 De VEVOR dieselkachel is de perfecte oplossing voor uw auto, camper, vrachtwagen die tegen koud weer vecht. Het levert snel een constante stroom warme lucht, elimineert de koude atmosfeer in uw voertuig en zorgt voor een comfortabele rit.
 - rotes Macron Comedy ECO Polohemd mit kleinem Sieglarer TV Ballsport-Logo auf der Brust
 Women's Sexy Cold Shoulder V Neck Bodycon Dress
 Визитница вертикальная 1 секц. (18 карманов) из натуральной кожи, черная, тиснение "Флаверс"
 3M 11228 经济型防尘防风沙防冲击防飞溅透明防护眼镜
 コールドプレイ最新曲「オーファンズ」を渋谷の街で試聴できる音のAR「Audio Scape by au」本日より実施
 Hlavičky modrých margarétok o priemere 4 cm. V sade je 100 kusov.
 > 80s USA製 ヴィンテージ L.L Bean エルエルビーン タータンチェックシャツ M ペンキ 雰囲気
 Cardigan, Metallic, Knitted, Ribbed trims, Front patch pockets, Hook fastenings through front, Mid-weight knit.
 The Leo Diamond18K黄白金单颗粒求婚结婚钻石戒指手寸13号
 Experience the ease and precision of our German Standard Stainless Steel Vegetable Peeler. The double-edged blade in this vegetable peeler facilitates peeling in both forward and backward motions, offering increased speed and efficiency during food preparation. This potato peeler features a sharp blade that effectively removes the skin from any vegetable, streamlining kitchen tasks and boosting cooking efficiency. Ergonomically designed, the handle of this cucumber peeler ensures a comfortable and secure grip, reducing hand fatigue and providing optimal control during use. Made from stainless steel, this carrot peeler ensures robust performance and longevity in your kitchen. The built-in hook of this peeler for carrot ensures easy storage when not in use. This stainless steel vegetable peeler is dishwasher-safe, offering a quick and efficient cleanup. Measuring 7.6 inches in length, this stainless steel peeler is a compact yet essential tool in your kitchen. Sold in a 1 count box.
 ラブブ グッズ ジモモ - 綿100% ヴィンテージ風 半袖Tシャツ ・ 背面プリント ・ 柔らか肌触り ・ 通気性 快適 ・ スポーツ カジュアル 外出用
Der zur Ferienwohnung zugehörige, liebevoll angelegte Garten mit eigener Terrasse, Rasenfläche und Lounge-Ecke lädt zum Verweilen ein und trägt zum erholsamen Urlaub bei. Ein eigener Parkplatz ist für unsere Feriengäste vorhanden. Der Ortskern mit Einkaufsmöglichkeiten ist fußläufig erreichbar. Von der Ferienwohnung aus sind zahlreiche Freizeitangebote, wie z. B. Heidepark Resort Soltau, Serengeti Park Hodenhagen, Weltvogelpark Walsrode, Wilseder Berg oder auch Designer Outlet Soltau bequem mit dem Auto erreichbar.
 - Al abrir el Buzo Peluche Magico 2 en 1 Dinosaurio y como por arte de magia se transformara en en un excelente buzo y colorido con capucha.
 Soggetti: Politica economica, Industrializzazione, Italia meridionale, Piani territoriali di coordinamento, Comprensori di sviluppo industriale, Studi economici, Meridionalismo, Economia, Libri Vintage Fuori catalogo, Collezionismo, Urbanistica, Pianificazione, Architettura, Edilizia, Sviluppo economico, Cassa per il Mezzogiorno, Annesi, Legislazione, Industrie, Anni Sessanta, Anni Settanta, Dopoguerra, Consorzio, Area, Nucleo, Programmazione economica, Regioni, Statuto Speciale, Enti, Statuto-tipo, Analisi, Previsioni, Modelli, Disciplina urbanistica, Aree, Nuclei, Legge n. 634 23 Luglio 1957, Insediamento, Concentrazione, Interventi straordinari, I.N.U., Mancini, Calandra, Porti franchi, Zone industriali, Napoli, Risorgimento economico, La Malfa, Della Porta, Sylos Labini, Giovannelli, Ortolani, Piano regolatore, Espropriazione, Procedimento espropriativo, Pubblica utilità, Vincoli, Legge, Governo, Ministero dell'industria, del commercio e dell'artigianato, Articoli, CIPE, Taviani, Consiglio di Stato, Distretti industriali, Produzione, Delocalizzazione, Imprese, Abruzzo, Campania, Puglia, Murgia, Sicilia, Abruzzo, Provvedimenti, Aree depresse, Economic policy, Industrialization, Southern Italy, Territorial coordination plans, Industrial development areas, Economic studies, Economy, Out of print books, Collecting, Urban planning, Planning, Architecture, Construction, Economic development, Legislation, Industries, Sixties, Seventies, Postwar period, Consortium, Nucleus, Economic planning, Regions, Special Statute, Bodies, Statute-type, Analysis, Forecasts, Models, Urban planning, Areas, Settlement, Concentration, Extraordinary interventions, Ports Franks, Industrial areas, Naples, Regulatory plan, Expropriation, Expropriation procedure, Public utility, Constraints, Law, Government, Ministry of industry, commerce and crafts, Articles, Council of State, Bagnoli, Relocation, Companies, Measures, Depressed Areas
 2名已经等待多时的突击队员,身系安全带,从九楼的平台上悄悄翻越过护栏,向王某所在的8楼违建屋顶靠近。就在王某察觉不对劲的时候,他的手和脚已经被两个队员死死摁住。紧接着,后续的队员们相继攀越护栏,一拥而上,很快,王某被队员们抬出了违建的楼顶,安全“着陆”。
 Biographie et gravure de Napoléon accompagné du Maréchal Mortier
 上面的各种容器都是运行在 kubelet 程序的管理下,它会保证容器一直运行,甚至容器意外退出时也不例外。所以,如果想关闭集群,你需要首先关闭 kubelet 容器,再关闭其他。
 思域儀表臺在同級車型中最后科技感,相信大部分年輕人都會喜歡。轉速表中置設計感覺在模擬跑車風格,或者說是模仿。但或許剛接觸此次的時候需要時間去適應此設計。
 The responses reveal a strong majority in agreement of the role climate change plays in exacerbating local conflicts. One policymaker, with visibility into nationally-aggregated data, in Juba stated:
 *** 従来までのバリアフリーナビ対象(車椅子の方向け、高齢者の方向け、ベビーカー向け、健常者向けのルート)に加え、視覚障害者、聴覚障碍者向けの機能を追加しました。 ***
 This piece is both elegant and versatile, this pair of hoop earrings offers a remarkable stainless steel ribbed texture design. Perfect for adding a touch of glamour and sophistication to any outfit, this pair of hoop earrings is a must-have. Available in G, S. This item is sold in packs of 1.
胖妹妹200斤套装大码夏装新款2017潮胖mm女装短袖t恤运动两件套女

**Task details:** Using the listing above, print the line containing "This piece is" and every line after it exactly, up to and including the last.

**Response area:**
 This piece is both elegant and versatile, this pair of hoop earrings offers a remarkable stainless steel ribbed texture design. Perfect for adding a touch of glamour and sophistication to any outfit, this pair of hoop earrings is a must-have. Available in G, S. This item is sold in packs of 1.
胖妹妹200斤套装大码夏装新款2017潮胖mm女装短袖t恤运动两件套女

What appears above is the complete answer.